52 A.2d 360 | Pa. Super. Ct. | 1946
Argued October 7, 1946. Appellant was tried, convicted, and sentenced on a charge of assault and battery. From the refusal of his motion for a new trial, he has brought this appeal.
His arrest on February 28, 1946, grew out of an alleged disturbance by certain employees of the Philadelphia plant of the General Electric Company who were then on strike. Defendant, an international organizer for the United Electrical, Radio and Machine Workers of America, with others had been ordered to move away from the vicinity of the plant. After defendant had started to move away, he is alleged to have made an insulting remark to two detectives who had ordered him to move on, and they thereupon started after him. They ran after him to 65th Street and Saybrook Avenue, where he was apprehended by George Weiss, the policeman whom he is charged with assaulting by bringing his knee up against the officer's thigh.
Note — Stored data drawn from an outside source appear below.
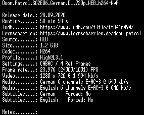 | FiLENAME: | Doom.Patrol.S02E06.German.DL.720p.WEB.h264-WvF.mkv |
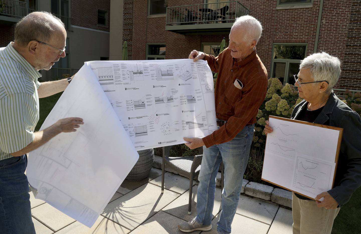 Brandishing charts of their electricity costs during a recent interview, Dickerson and his fellow members of the building’s green committee, Elaine Johnson and Art Spooner, said they’re all paying less with community solar, as is their 28-unit building, which is saving about $40 a month on electricity for its common spaces.
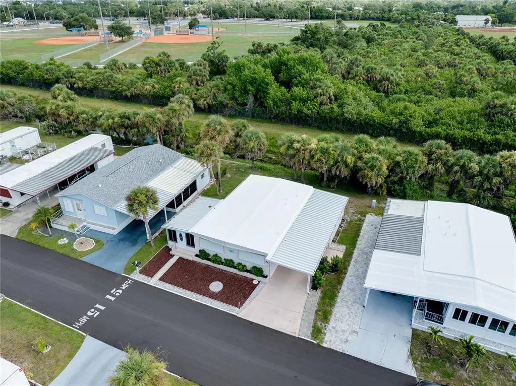 Welcome to Venice Isle, one of Venice’s premier 55+ resort communities! This beautifully maintained 2-bedroom, 2-bath home offers comfort, style, and peace of mind with major updates already completed. Enjoy a brand new membrane roof (2025), new carport, and new gutters. The enclosed Florida Room features wind resistant windows, providing a perfect space to relax year- round. The 2020 AC system ensures energy-efficient comfort. Inside, the spacious primary bedroom suite features a walk-in shower, while the 2 bedroom offers a bathroom with dual sinks and walk in shower perfect for guests. This home is move-in ready and designed for easy Florida living. You will love the large shed that includes the washer and dryer plus a workshop area ideal for hobbies, projects, or extra storage. Located in a quiet community, this home is perfect fulltime resident 55+ or seasonal retreat. The park amenities are numerous and include 2 heated pools, 2 hot tubs, putt putt golf, a fitness center, tennis courts, bocce ball, corn hole, horseshoes, billiards, ping pong, game room, Tiki Hut, 2 Clubhouses, and free community bus transportation to local shops and outings. There are also numerous activities and social events for all community members to take part in. The low HOA Fee includes Cable TV and Internet, Lawn Maintenance and all amenities. Located just minutes from downtown Venice and pristine beaches with easy access to shopping, dining, and other entertainment options. Whether you are enjoying a sunset stroll on the beach or exploring the charm of downtown Venice, this location offers the best of Florida living.
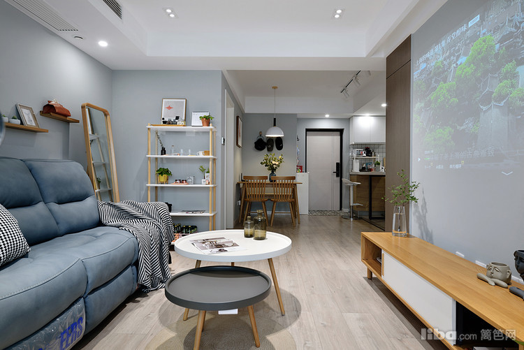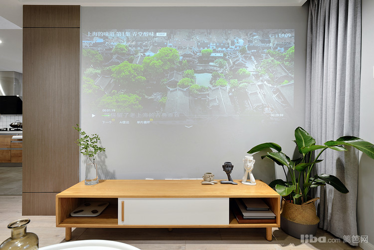 以投影仪取代电视,以开放式木制储物架替代传统的储物柜,美观又实用,搭配绿植葱翠,空间更显生机活力。
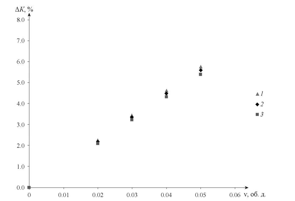 Рис. 5. Зависимость роста коэффициента теплопередачи от объемной доли наночастиц в ректификационной колонне для выделения ацетона: 1 – однослойные углеродные нанотрубки; 2 – наночастицы оксида алюминия; 3 – наночастицы оксида меди.

Weiss testified that he held the defendant until the arrival of the two detectives; that defendant was then *524 taken to the police station at 65th Street and Woodland Avenue, Lieutenant of Detectives Frank A. Mays having hold of his left arm and Weiss his right arm; and that they ". . . continued walking that way all the way to the station house. . . . All the way to the sergeant's desk."
When confronted with a photograph showing the defendant in the sole custody of Lieutenant Mays, Weiss testified that the photograph was not taken when the prisoner was being led into the station house but after he had been placed in a cell and was being taken from the cell to the second floor for questioning.
Defendant testified that the photograph was taken as he was being led into the police station and, in substantiation of his statement, pointed out that the photograph showed him wearing a necktie and that, therefore, it could not have been taken after he had been placed in the cell as he had taken off his tie by order of the turnkey before he entered the cell.
To rebut the testimony of defendant as to when the photograph was taken, the Commonwealth called several witnesses, including Lieutenant Mays who testified that although he didn't hear any one order White to take off his tie, it was ". . . general orders given to a turnkey who is in charge of a prisoner in custody. . . . THE COURT: Is that so they won't hang themselves; is that the idea? THE WITNESS: Yes, sometimes take their belts off. BY THE COURT: Q. I suppose they didn't think it likely that Mr. White would hang himself." Passing by the question of the propriety of the court's observation, it was entirely beside the point since the removal of neckties was a matter of routine as testified by Lieutenant Mays; and defendant was entitled to have the jury so consider it without regard to whether he would have "hanged" himself had his not been removed.
The photograph was used freely by both sides; but when it was offered in evidence by defendant, it was objected to by the Commonwealth on the sole ground *525 that there was no proof as to who took it and the objection was sustained. In our opinion, this was prejudicial error. The photograph went very strongly to the credibility of the police officer who is alleged to have been assaulted by defendant. The latter testified that Weiss had nothing to do with placing him under arrest, that he had no recollection of ever seeing him before the trial, and that he certainly did not have hold of him when he was taken into the police station. He further testified that when taken to the second floor of the police station for questioning, he was told that he was charged with riot and that he ". . . wasn't charged with assault on an officer originally; . . ."
Police Sergeant Martine, another witness called in rebuttal by the Commonwealth, testified that Officer Weiss was on Saybrook Avenue and that "He didn't walk to the police station with Franchetti and Mays. . . ." Franchetti was the other detective in the case, and Martine corroborated the testimony of appellant that it was the two detectives who led him to the police station and not Weiss and the lieutenant of detectives.
That a photograph may be proven without calling the person who took it is a well established principle of law. See Marcinkiewiczv. Kutawich,
We are not unmindful of the equally well established rule that trial courts have large discretion in determining the admissibility of photographs: West v. Morgan et al.,
But where the photograph is of vital importance to defendant's case, in view of its direct bearing on the credibility of the principal witness against him, as in *526 the instant case, we have no alternative but to hold that the learned judge of the court below abused his discretion when he excluded the photograph on the sole ground, so far as appears from the record before us, that "There is no proof at all as to who took it." Proper groundwork having been laid for the introduction of the photograph into evidence by proving that it was taken in the police station, that it showed the defendant in the custody of the arresting officer immediately following his arrest and had such a direct bearing on the credibility of the chief complaining witness against defendant, the question of "who took it" was immaterial and not proper ground for excluding it.
The third and eighth assignments of error are sustained. The judgment is reversed and a new trial awarded.